§ **WHAT NEEDS TO BE DONE**: Copy nothing but the lines from the one containing "4月21日20时至22日20" through the last line of the entries below, exactly as written and without pictures.

======== EXTRACTED DATA ========

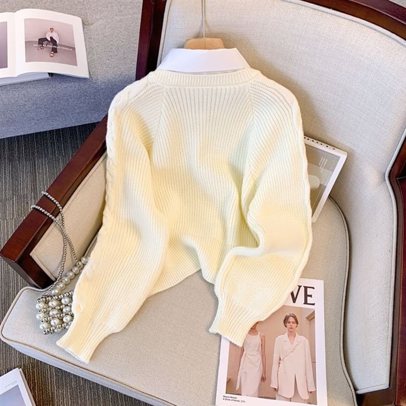 【tops】フェイクレイヤードニットトップス Q6986
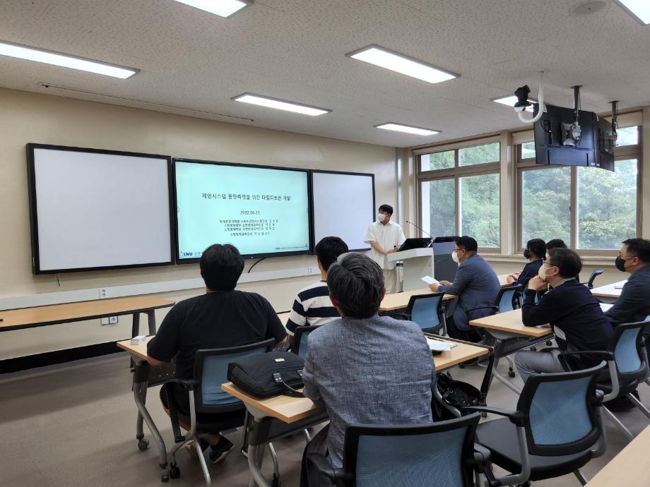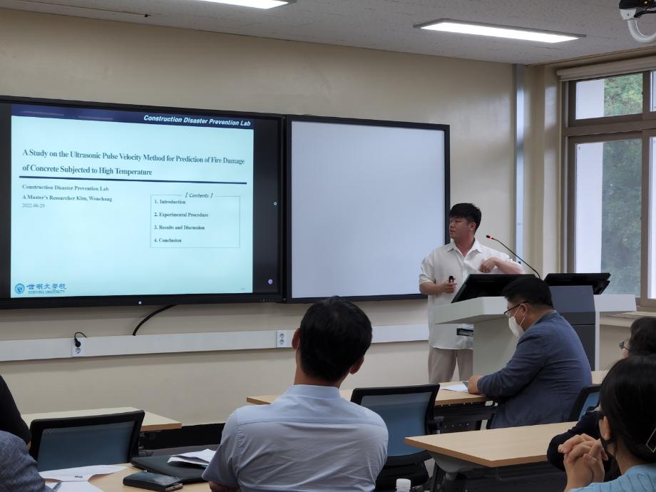 연합 세미나에서는 세명대학교 소방 IT 융합연구실의 최수기 학생, 강원대학교 방재전문대학원 김승준 학생, 세명대학교 건설방재연구실의 김원창 학생 순서로 연구실 소개 및 세미나 발표가 진행되었습니다.
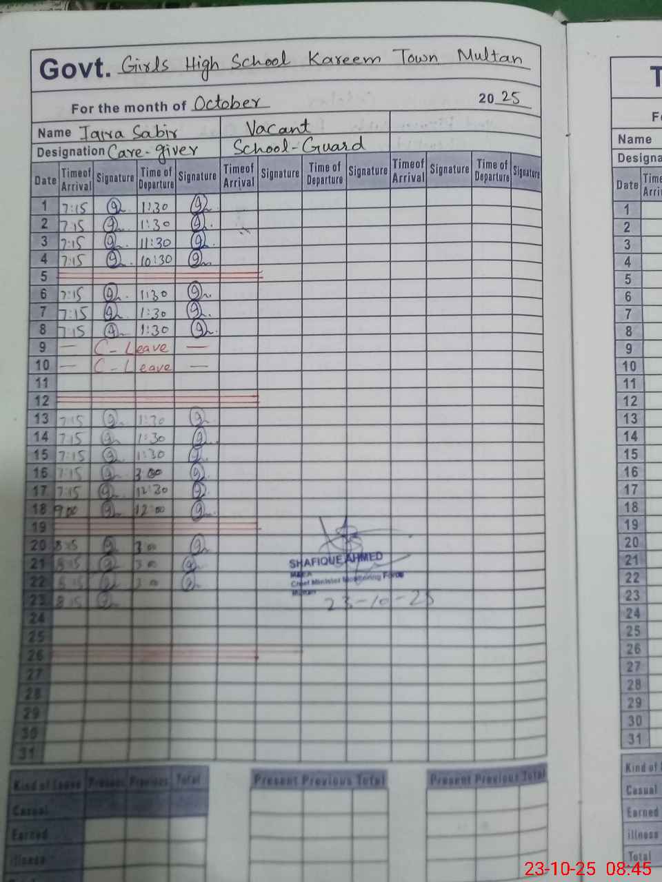 | 36**** | Sh**** Ba**** | SST | Regular | 0 | 0 | 0 | 0 | 0 | 0 | 0 | 0 | 0 | Maternity |
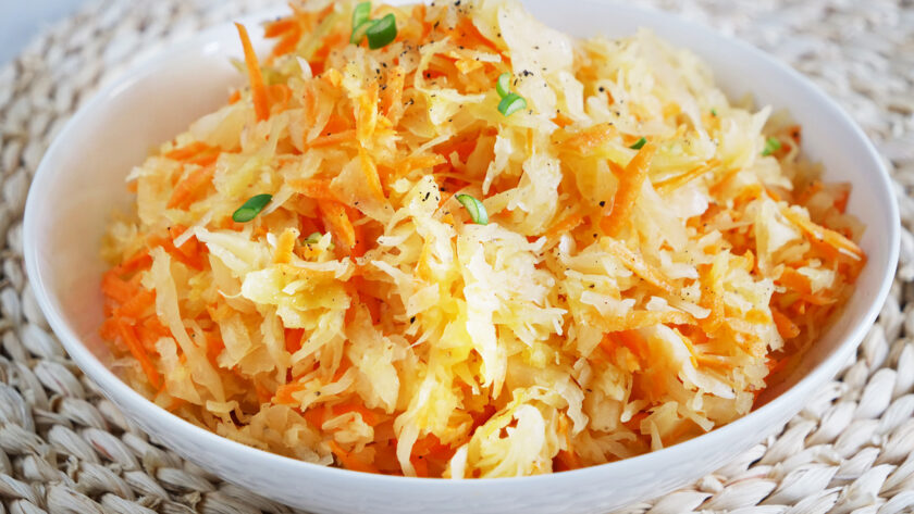 Składniki: 500 gramów kapusty kiszonej, 2 średnie marchewki, mała cebula, łyżeczka cukru, pieprz, 3 łyżki oleju.
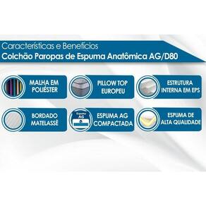 Colchão Solteiro Espuma Compact AG 65 / D33 / Confort Euro Pillow Gray (88x188x26) - Paropas
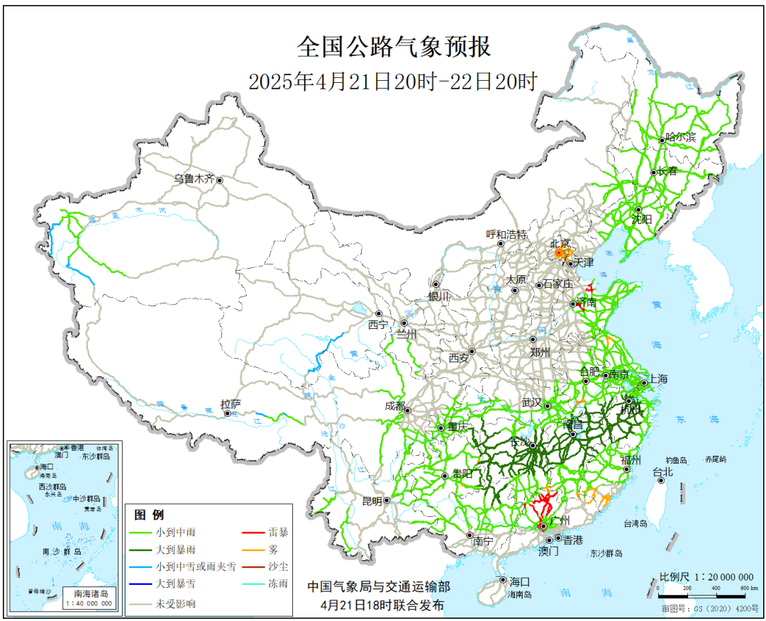 4月21日20时至22日20时,新疆南疆西部山区、青海东南部、内蒙古东北部等地部分地区有小雪或雨夹雪。吉林中部、江淮东部、江南大部以及重庆东部、贵州东部、广西北部、福建西部等地部分地区有中到大雨,其中,湖南中部、江西北部、浙江西部等地部分地区有暴雨到大暴雨。山东北部、广东中部等地局地有雷暴。另外,北京东部、天津北部、江苏东北部、安徽西南部、福建南部、贵州东部等地局地有雾。
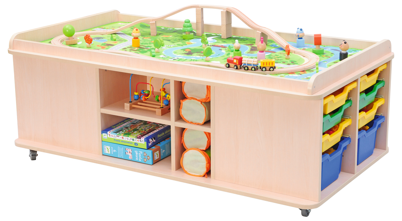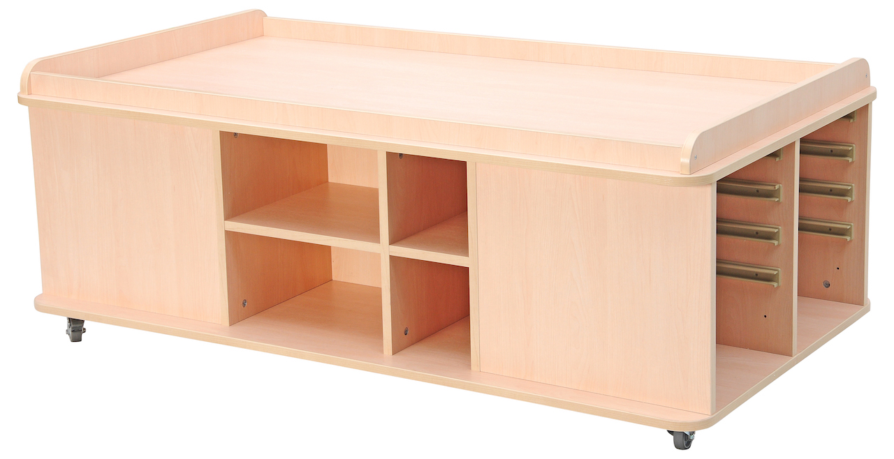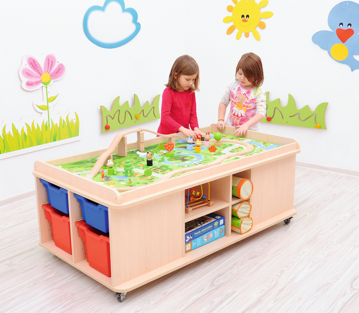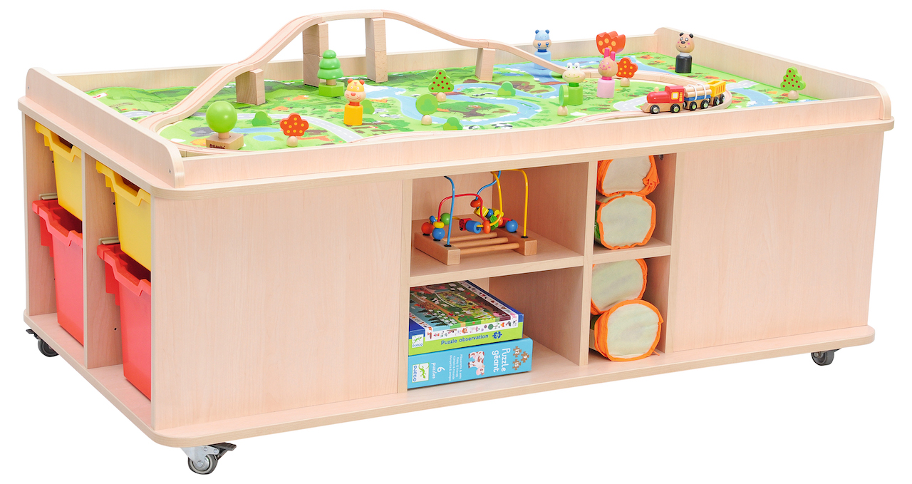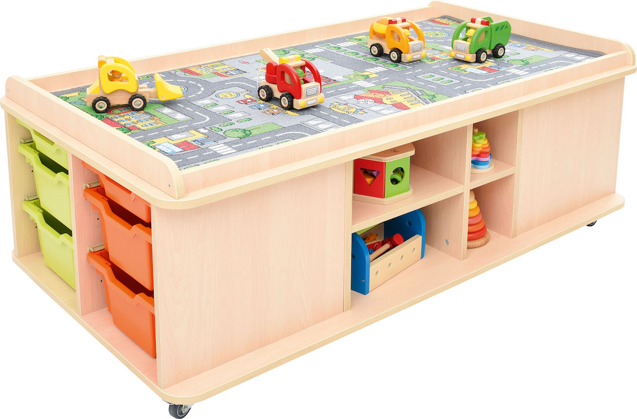Speeltafel voorzien van legplanken en nissen voor het opbergen van speelmatten.

========

§ **OUTPUT FOR THIS EXERCISE**:
 4月21日20时至22日20时,新疆南疆西部山区、青海东南部、内蒙古东北部等地部分地区有小雪或雨夹雪。吉林中部、江淮东部、江南大部以及重庆东部、贵州东部、广西北部、福建西部等地部分地区有中到大雨,其中,湖南中部、江西北部、浙江西部等地部分地区有暴雨到大暴雨。山东北部、广东中部等地局地有雷暴。另外,北京东部、天津北部、江苏东北部、安徽西南部、福建南部、贵州东部等地局地有雾。
Speeltafel voorzien van legplanken en nissen voor het opbergen van speelmatten.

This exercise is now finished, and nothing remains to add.